A Study of Poetry
- Question: What are the first eight lines of a sonnet called?
- Answer: The first eight lines of any sonnet are called the octave, the last six the sestet.
- Question: A poem in which the first letters of each line spell a word is called:
- Answer: An acrostic is a short verse composition, so constructed that the initial letters of the lines, taken consecutively, form one or more words. Acrostics have been written since ancient times.
- Question: What is the longest Old English poem?
- Answer: Most scholars agree that the longest surviving poem in Old English is Beowulf, a tale of legendary heroes and monsters.

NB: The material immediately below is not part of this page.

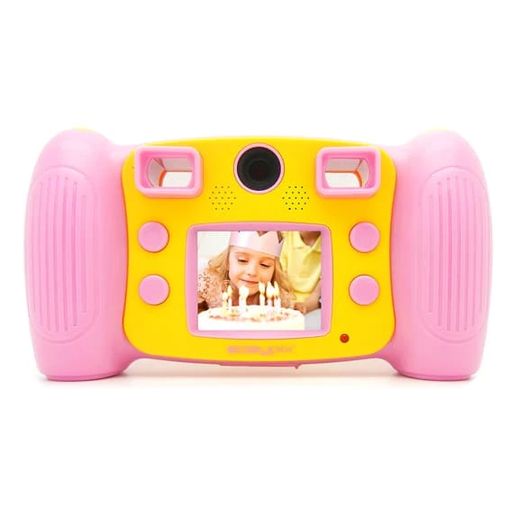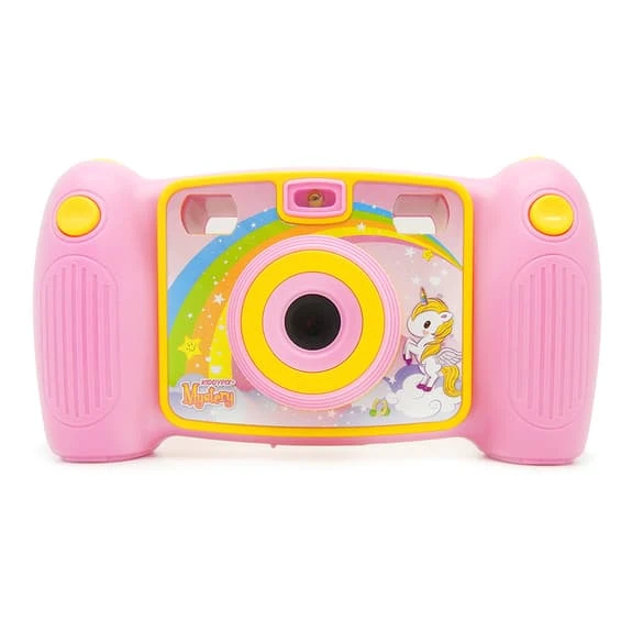 The Easypix KiddyPix Mystery action camera is ideal for youngsters. Its ergonomic shape makes it easy to grip without your fingers blocking the lens. The front lens offers beautiful images with a resolution of up to 5MP (by interpolation) and colorful videos with sound and a resolution of up to Full HD (1920×1080 @25fps by interpolation). The rear target is perfect for first selections. Thanks to the 2′ LCD screen, small photographers can immediately check their shots and decorate their photos with a wide range of fun and beautiful frames. The included hand strap prevents the camera from getting lost when playing outside or running around the house.
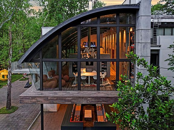 Modern strong mixed materialsSummer kitchenFloor-to-ceiling glassDining roomAbundance of natural lightClean line designHome theater-game room

It is more than 1,000 years old.
- Question: In poetry, the word "foot" refers to:
- Answer: A foot is the smallest unit of poetic meter, and generally consists of one stressed and one or more unstressed syllables.
- Question: How many lines does a sonnet have?
- Answer: Of all the set patterns in English poetry, the sonnet is the best known. It consists of 14 lines of iambic pentameter, rhymed usually in one of two ways.
- Question: Who is the author of "Ozymandias"?
- Answer: "Ozymandias" is a famed poem by Percy Bysshe Shelley. It was published in 1818.
- Question: Who wrote a famed poem about the Crimean War?
- Answer: Alfred Lord Tennyson wrote "The Charge of the Light Brigade" to commemorate a battle in the Crimean War.
- Question: Which of these poets did not use capital letters in his works?
- Answer: The American poet E.E. Cummings (1894–1962) wrote such simple, childlike lines that he used no punctuation or capitalization.